I do have a badly written solution which does the job for your example.
But first, one thing which is surprising: in df
you only have distances for similar words (no distance for apple
to banana
for example), this suggests you have already clustered/grouped your words somehow, and it may be easier to directly modify that previous code.
Most general solution
Anyway, let's load the data:
library(tidyverse)
df <- tibble(col1 = c("apple","apple","pple", "banana", "banana","bananna"),
col2 = c("pple","app","app", "bananna", "banan", "banan"),
distance = c(1,2,3,1,1,2),
counts_col1 = c(100,100,2,200,200,2),
counts_col2 = c(2,50,50,2,20,20))
My first step is to find the clusters. I decided to use hierarchical clustering, so I'll first convert df
into a distance matrix. For that, I'll need to expand all the possible combinations of col1
and col2
. Even worse, I also need to include the symmetric combinations (col2
to col1
), so I duplicate the df
and invert the column names. But all these additional combinations do not have a distance defined in df
, so I'll just give them an arbitrary distance, here 1000
. What matters is that this distance is much bigger than the actual distances found in the data.
hc <- df |>
bind_rows(df |>
rename(col2=col1,
counts_col2 = counts_col1,
col1=col2,
counts_col1 = counts_col2)) |>
select(col1, col2, distance) |>
complete(col1, col2) |>
replace_na(list(distance = 1000)) |>
pivot_wider(col1,
names_from = col2,
values_from = distance) |>
column_to_rownames("col1") |>
as.dist(upper = TRUE) |>
hclust()
plot(hc, xlab = "word")
With this tree, it's now trivial to cut the tree and attribute the words to clusters.
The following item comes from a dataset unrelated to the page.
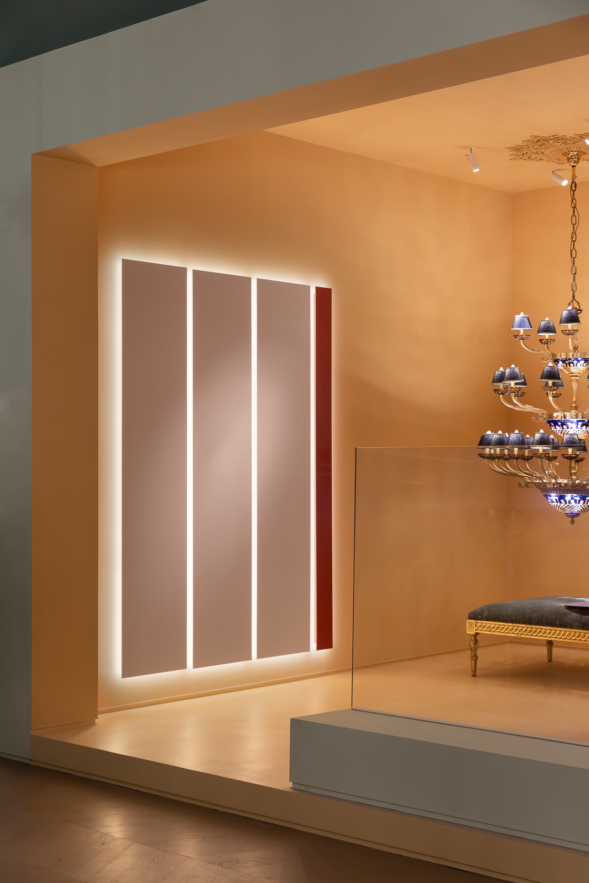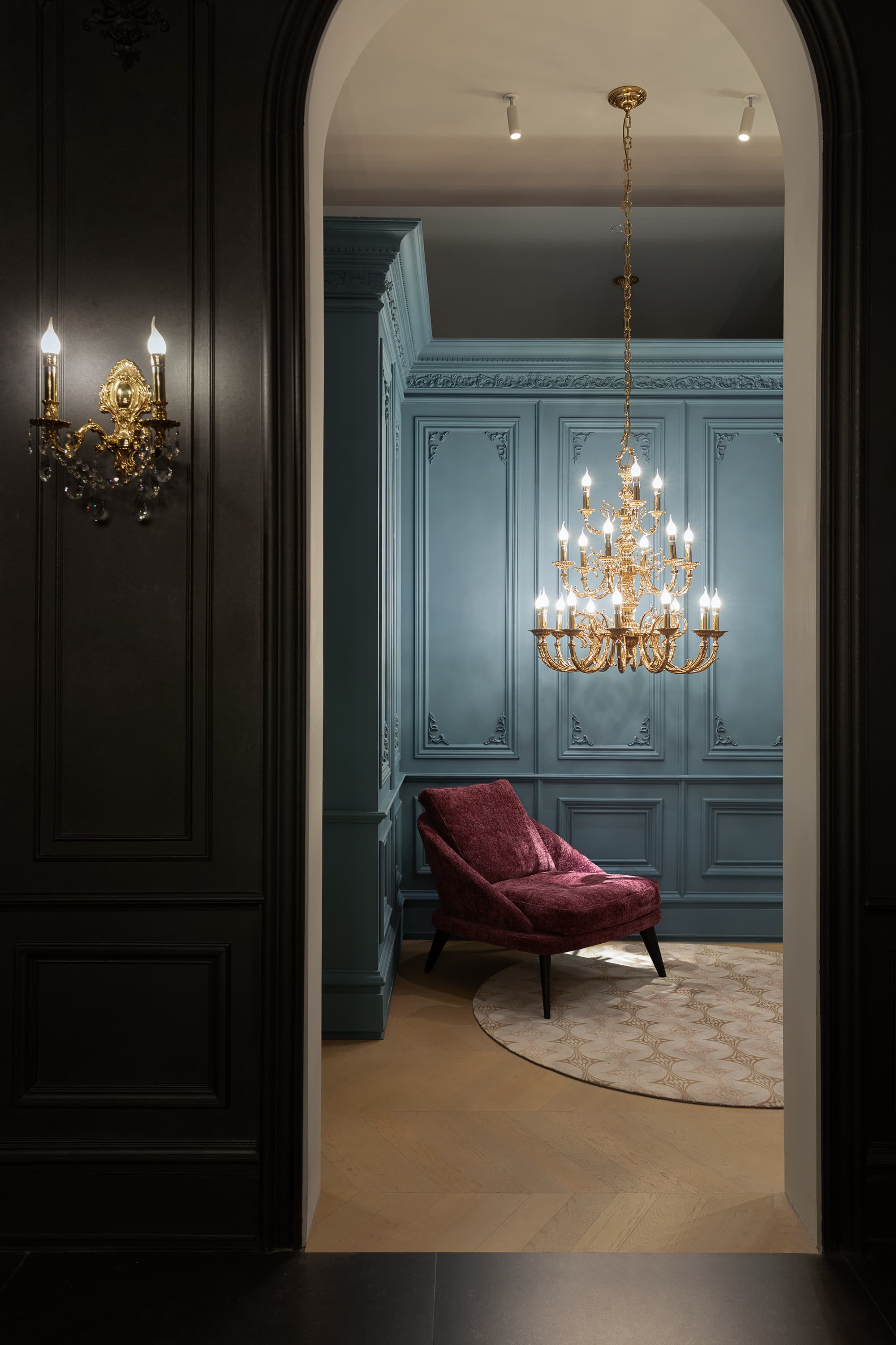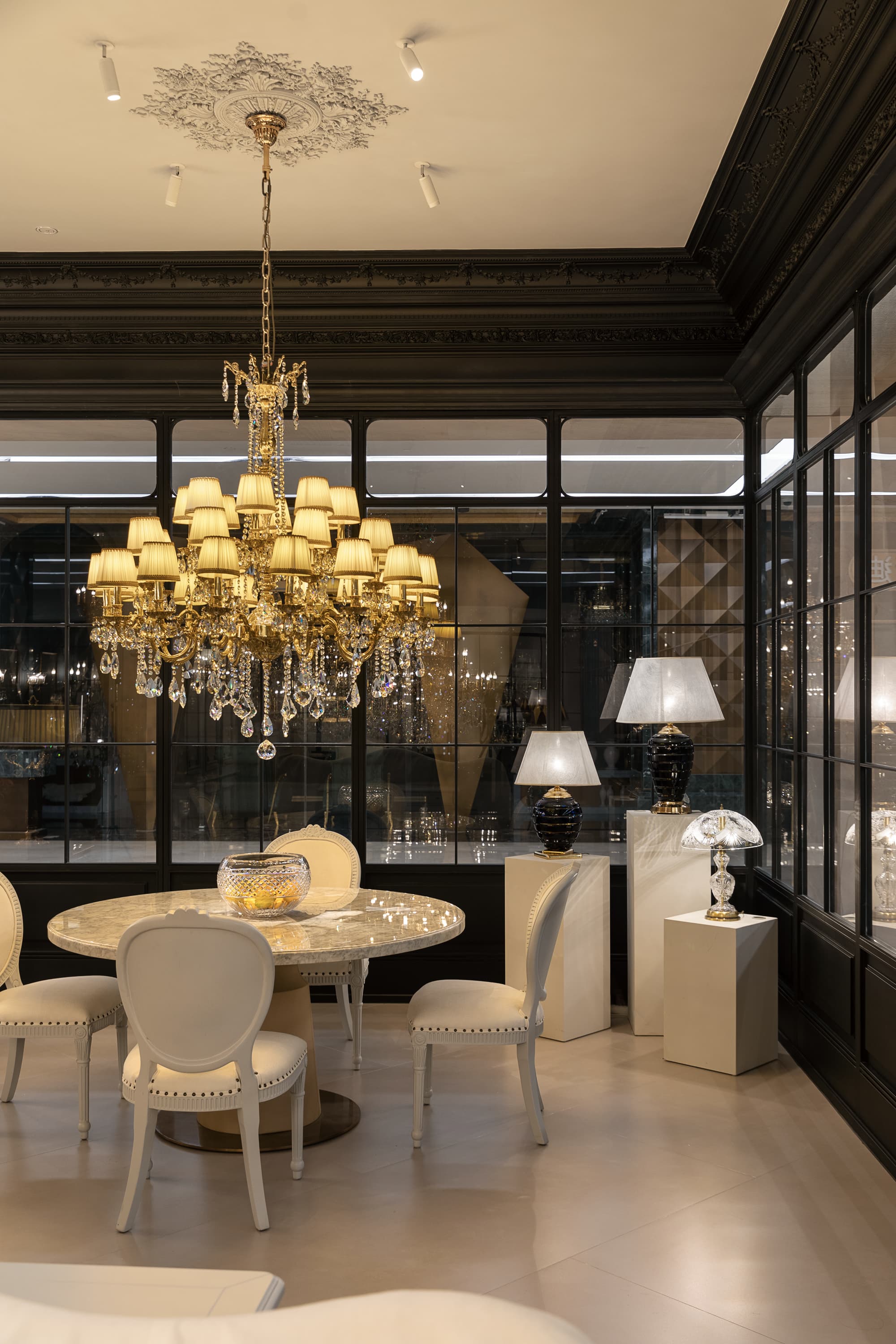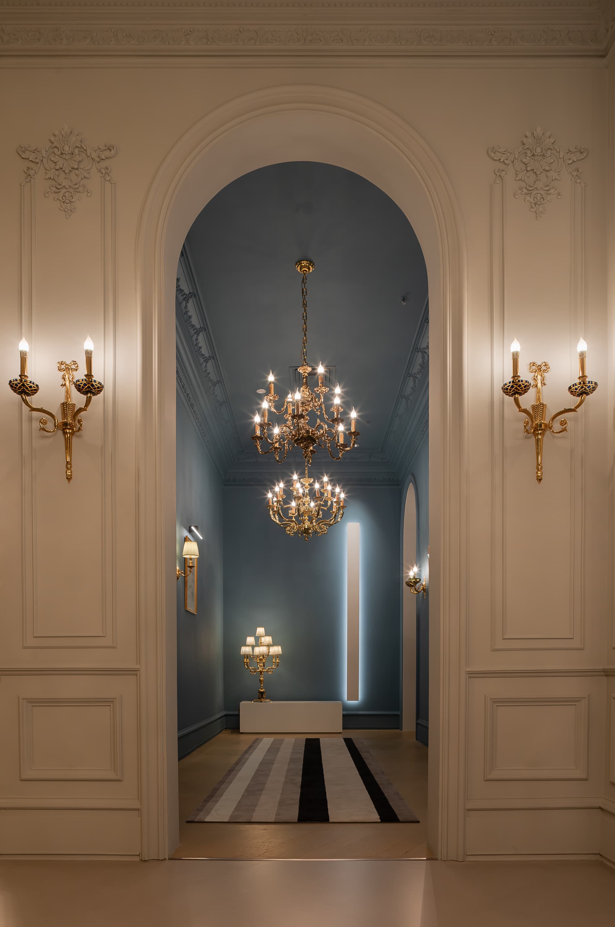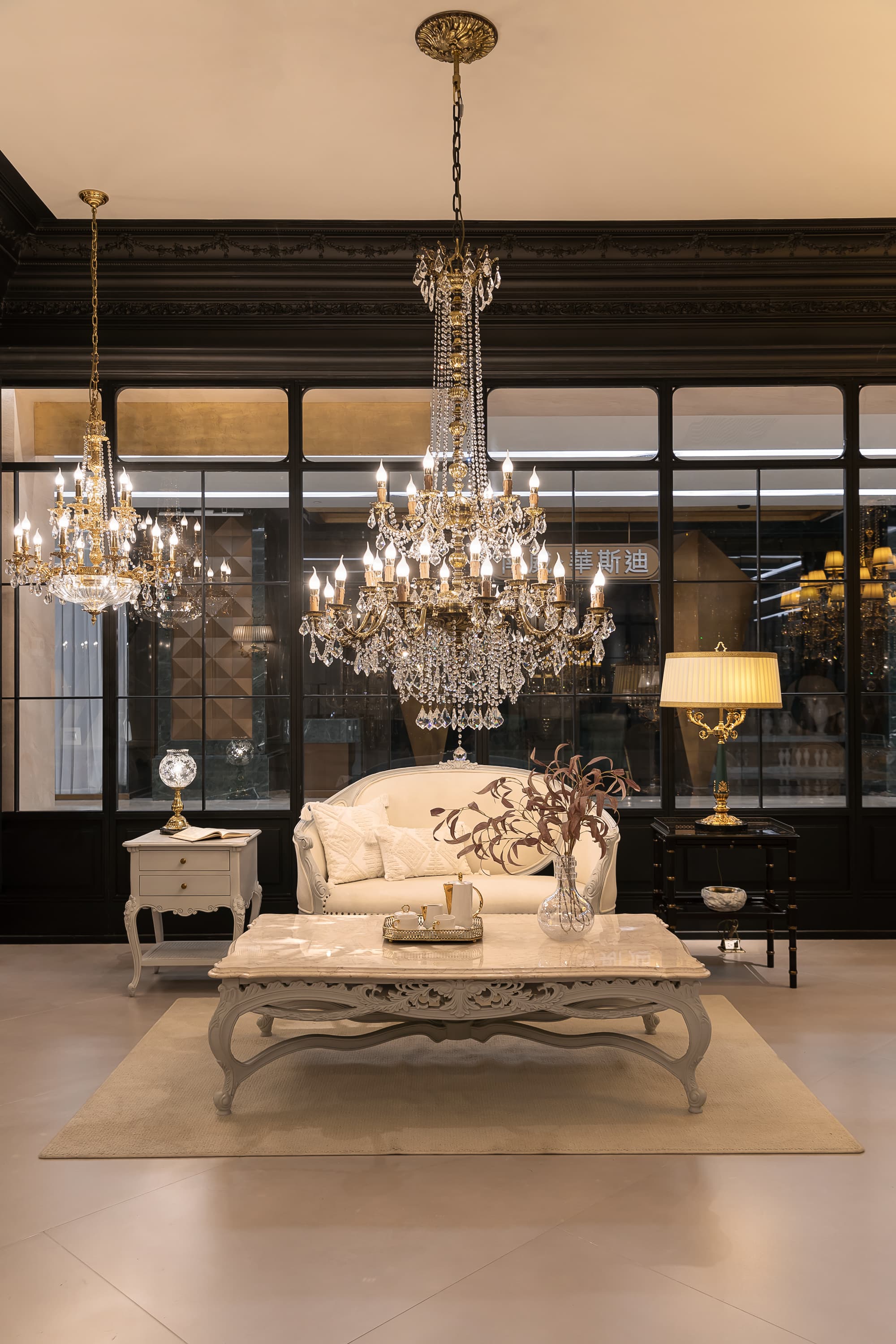 设计选材:特种蓝灰是我们寻找了很久的颜色。代表着展厅以及品牌的某种意志--阳光映衬下的天空、海洋的远眺感,也代表着“设计的星丛”从传统的风格中找到积极向上的想法。设计语言所讲述的逻辑是:传统的灯饰与年轻化时代的存在和共生是完全可行的。

clusters <- cutree(hc, h = 10) |>
enframe(name = "word",
value = "cluster")
clusters
#> # A tibble: 6 x 2
#> word cluster
#> <chr> <int>
#> 1 app 1
#> 2 apple 1
#> 3 banan 2
#> 4 banana 2
#> 5 bananna 2
#> 6 pple 1
Now we will want to use the counts per word. Let's prepare a new data frame for that. Again, since some words are only in col1
, others only in col2
, I'll duplicate df
, extract col1
and col2
, then bind them back into a single data frame.
counts_per_word <- df |>
select(ends_with("2")) |>
set_names(c("word", "count")) |>
bind_rows(df |>
select(ends_with("1")) |>
set_names(c("word", "count"))) |>
distinct()
counts_per_word
#> # A tibble: 6 x 2
#> word count
#> <chr> <dbl>
#> 1 pple 2
#> 2 app 50
#> 3 bananna 2
#> 4 banan 20
#> 5 apple 100
#> 6 banana 200
Finally, we have all our processed data in easy-to-use formats, we can simply combine it.
counts_per_word |>
left_join(clusters,
by = "word") |>
group_by(cluster) |>
summarize(main_word = word[which.max(count)],
nb_words_in_cluster = n(),
all_words = list(word),
sum_counts = sum(count))
#> # A tibble: 2 x 5
#> cluster main_word nb_words_in_cluster all_words sum_counts
#> <int> <chr> <int> <list> <dbl>
#> 1 1 apple 3 <chr [3]> 152
#> 2 2 banana 3 <chr [3]> 222
Created on 2022-03-18 by the reprex package (v2.0.1)
If you want exactly the format in your question, you can easily use unnest()
.
With a network approach
Since you already have a data frame that only contains distances for words from the same cluster, it may be simpler to use a network approach. For example:
library(tidyverse)
library(igraph)
df <- tibble(col1 = c("apple","apple","pple", "banana", "banana","bananna"),
col2 = c("pple","app","app", "bananna", "banan", "banan"),
distance = c(1,2,3,1,1,2),
counts_col1 = c(100,100,2,200,200,2),
counts_col2 = c(2,50,50,2,20,20))
gr <- df |>
select(-starts_with("count")) |>
rename(weight = distance) |>
graph_from_data_frame()
plot(gr)
components(gr)$membership
#> apple pple banana bananna app banan
#> 1 1 2 2 1 2
Created on 2022-03-18 by the reprex package (v2.0.1)
That replaces hclust()
in a nice way, but you still have to find the highest count per cluster. You can use the code from above with counts_per_word
.
However, I can't think of a way to easily use the count information as you provided it.